Upside Inflation Risk Signaled
The Federal Open Market Committee’s (FOMC) 1/31/18 statement expressed a more confident expectation that inflation would reach its 2% target this year. Perhaps it’s more confidant statement takes into account the stronger showing in the underlying inflation gauge (UIG) developed by the New York Fed.
In developing this broader inflation gauge, the NY Fed assumed behavioral changes in other economic and financial series also could influence trend inflation. They define the UIG as the persistent common component of monthly inflation. They created both a narrow and broad measure for this gauge.
The underlying inflation gauge signals an upward move in inflation
Unlike other measures of consumer price inflation such as the core consumer price index, the broader UIG adds rather than removes information to signal changes in trend inflation. The broader UIG includes a wide range of macroeconomic and financial data sourced from 346 different series (see graph below.)

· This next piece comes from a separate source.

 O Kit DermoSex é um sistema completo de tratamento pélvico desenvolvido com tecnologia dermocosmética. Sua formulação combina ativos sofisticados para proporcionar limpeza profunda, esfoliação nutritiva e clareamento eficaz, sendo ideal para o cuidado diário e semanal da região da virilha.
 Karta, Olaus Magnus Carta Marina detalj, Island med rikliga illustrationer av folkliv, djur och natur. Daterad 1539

As the graph above shows, the UIG tends to lead changes in the traditional measures of consumer inflation. Interestingly, the UIG currently shows a sharp upward shift in the inflation trend. If this signal proves correct, it would support both yesterday’s FOMC. statement and further fed funds rate increases this year. For reasons outlined in prior commentaries, we expect four fed fund rate increases in 2018.
Slice of life signals
The broader nature of the UIG provides support for slice of life indications of potential increases in price and wage inflation. We would caution that such slice of life signals is simply that and do not provide quantitative evidentiary support for increasing rates of inflation.
Wages comprise the most important cost for most businesses and therefore higher prices usually follow wage increases. The recent publicity received when nearly 300 major companies either increased wages or paid bonuses could stimulate a broader level of wage inflation. Other companies will likely follow suit. We do not look on these increases as businesses suddenly becoming loose with their savings from lower corporate tax rates. Instead, it reflects one form of investment to retain and attract employees in a tight, competitive labor market. The same tight labor markets and these headlines may also enable employees to pressure their bosses for compensation increases. Overall, labor market conditions seem present to see growing wage inflation.

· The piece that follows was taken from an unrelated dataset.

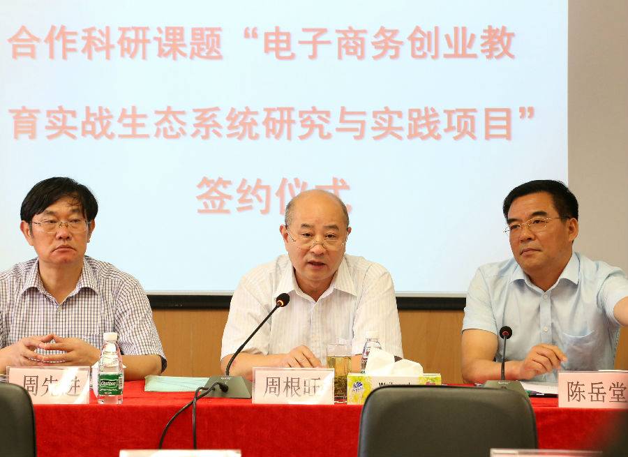 周根旺巡视员在签约仪式作了讲话。他首先代表javBus 党组、理事会,对远道而来的湖南农业大学调研组的专家、教授表示热烈的欢迎和诚挚的感谢。他说,广东省电子商务技师学院是javBus 直属的三所职业院校之一,是全国第一所以“电子商务”命名的国家级重点技工院校,办学综合实力位居全省技工院校前列,在电子商务专业、技能晋升培训等领域占据着全省权威地位。最近发布的《人力资源和社会保障事业发展“十三五”规划纲要》指出,要“建设规模宏大的高素质人才队伍”、“探索建立以创新创业为导向的人才培养机制,完善产学研用结合的协同育人模式”。广东省电子商务技师学院建设“一里营”教育实战生态系统的出发点和落脚点,正好契合了这个《规划纲要》主题,而且这个平台已经建设了一年多的时间。湖南农业大学“现代技工教育科学研究中心”在现代技工教育实践研究、学科构建和理论创新领域,特别是在学校教育宏观理论提炼和微观实践指导方面成果卓著,尤其在名校品牌打造、科学研究创新等方面,具有丰富的经验和经典的成果案例。学院这次与湖南农业大学现代技工教育科学研究中心合作开展《电子商务创业教育实战生态系统研究与实践项目》科研课题,标志着学院“电子商务创业教育实战生态系统”建设迈出了实质性的关键一步。希望双方加强紧密的战略合作,不断深化和推进科研工作,把这个平台打造成学院的品牌和亮点,打造成全省乃至全国技工院校都认可的一张“名片”。

Trucking industry—higher operating costs—higher shipping rates
The recent stronger economic growth produced increased trucking demand. At the same time demand increased, trucking costs escalated. Diesel fuel shows a nearly 18% increase y/o/y. Adding to the fuel cost increase, a new federal regulation puts pressure on the availability of long-distance truck capacity. As of the middle of December, all tractors must be equipped with electronic devices that track drivers’ hours at the wheel. Combining both higher demand and costs caused spot shipping rates to shoot up to a 3 ½ year high at the end of December. Not surprisingly, higher freight costs will likely show up in increased consumer prices.

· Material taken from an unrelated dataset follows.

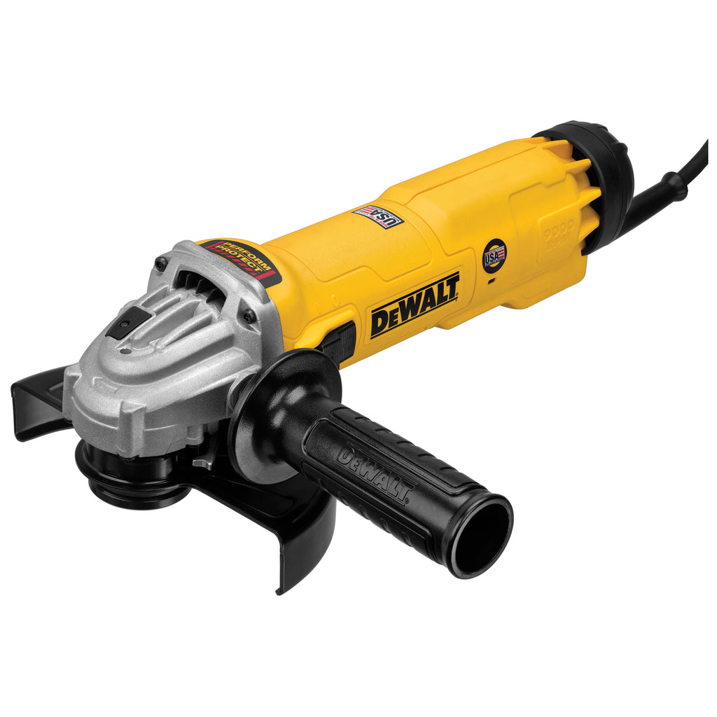 La meuleuse / tronçonneuse haute performance DWE43140 6 ''(150 mm) avec E-Clutch® arrête la meuleuse en cas de pincement ou de calage de la roue. La technologie Dust Ejection System ™ élimine la poussière et les débris pour une protection supplémentaire. L'outil électrique s'arrête avant surchauffe avec Power-Off®Advanced Overload Protection.

Over the last year, gasoline prices increased 10% per gallon at the pump. Gasoline prices, perhaps, represent the most highly visible of all consumer prices. Most gasoline stations make those prices very visible as you drive by. In the past, we noticed major changes in pump prices would quickly be reflected in consumer attitude surveys. If oil prices continue at their recently higher levels or move up, gasoline prices should reflect these increasing costs.
In our last commentary (1/23/18), we outlined the reasons why restrained mining capacity and growing demand should lead to higher hard commodity prices. Specifically, the current positions of the domestic and global economies should prove a positive for hard commodity prices. Domestically, hard commodity prices normally should benefit from the maturing u.s economic cycle. At the same time, synchronous and increasing world economic growth should also prove a positive for hard commodity prices. Finally, a weaker U.S. dollar should stimulate demand for hard commodities priced in U.S. dollars.
The underlying inflation gauge identifies upward risk to the trend of inflation. Our selected slice of life examples should support the gauge’s shift. Increasing interest rates on longer duration notes/bonds would be the normal response to a rising trend of inflation. With that, the slope of the yield curve would likely steepen and continue to benefit the earnings of financial companies such as banks. In addition, commodity stocks should positively reflect the higher commodity price outlook, but typically, only for some limited period of time.